ChatGPT’s $200 plan is unprofitable! Talk about the pot calling the kettle black!
It’s also a bizarre take anyway.
If this is some kind of Chinese plot to take down the AI companies it’s a bit of a weird one. Since in order to keep the ruse going they would have to subsidize everybody’s AI usage essentially for the rest of time.
I don’t understand why everyone’s freaking out about this.
Saying you can train an AI for “only” 8 million. It is a bit like saying that it’s cheaper to have a bunch of university professors do something than to teach a student how to do it. Yeah and that is true, as long as you forget about the expense of training the professors in the first place.
It’s a distilled model, so where are you getting the original data from if not for the other LLMs?
They implied it wasn’t something that could be caught up to in order to get funding, now ppl that believed that finally get that they were bsing, thats what they are freaking out over, ppl caught up for way cheaper prices on a moden anyone can run open source
Right but my understanding is you still need Open AIs models in order to have something to distill from. So presumably you still need 500 trillion GPUs and 75% of the world’s power generating capacity.

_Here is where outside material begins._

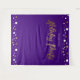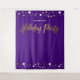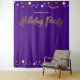 Monte uma cabine de selfie que duplique como um sinal de boas-vindas na sua próxima Festa de Natal Corporativa. Letra "festa de Natal" impressa em dourado para combinar com os convites desta coleção. Pontos de confete dourados e brancos em um fundo roxo elegante.
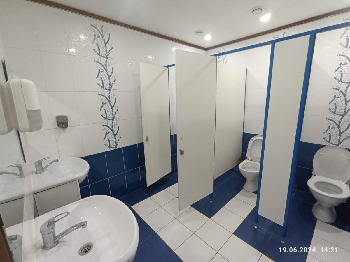 Помещение занимает три этажа, состоит: 3 обеденных зала, служебные помещения, 6 кухонь, моичная, душевая, подсобные и складские помещения, 8 с/у.

The message that OpenAI, Nvidia, and others which bet big on AI delivered was that no one else could run AI because only they had the resources to do that. They claimed to have a physical monopoly, and no one else would be able to compete. Enter Deepseek doing exactly what OpenAI and Nvidia said was impossible. Suddenly there is competition and that scared investors because their investments into AI are not guaranteed wins anymore. It doesn’t matter that it’s derivative, it’s competition.
Dead internet theory (now a reality) has become the dead AI theory.
Tis true. I’m not a real person writing this but rather a dead AI
if you can imagine a fish enjoying a succulent chinese meal rn, rolling its eyes
I SEE YOU KNOW YOUR JUDO WELL
RIP limp penis guy.
Well, it’s AI, therefore I don’t give a shit.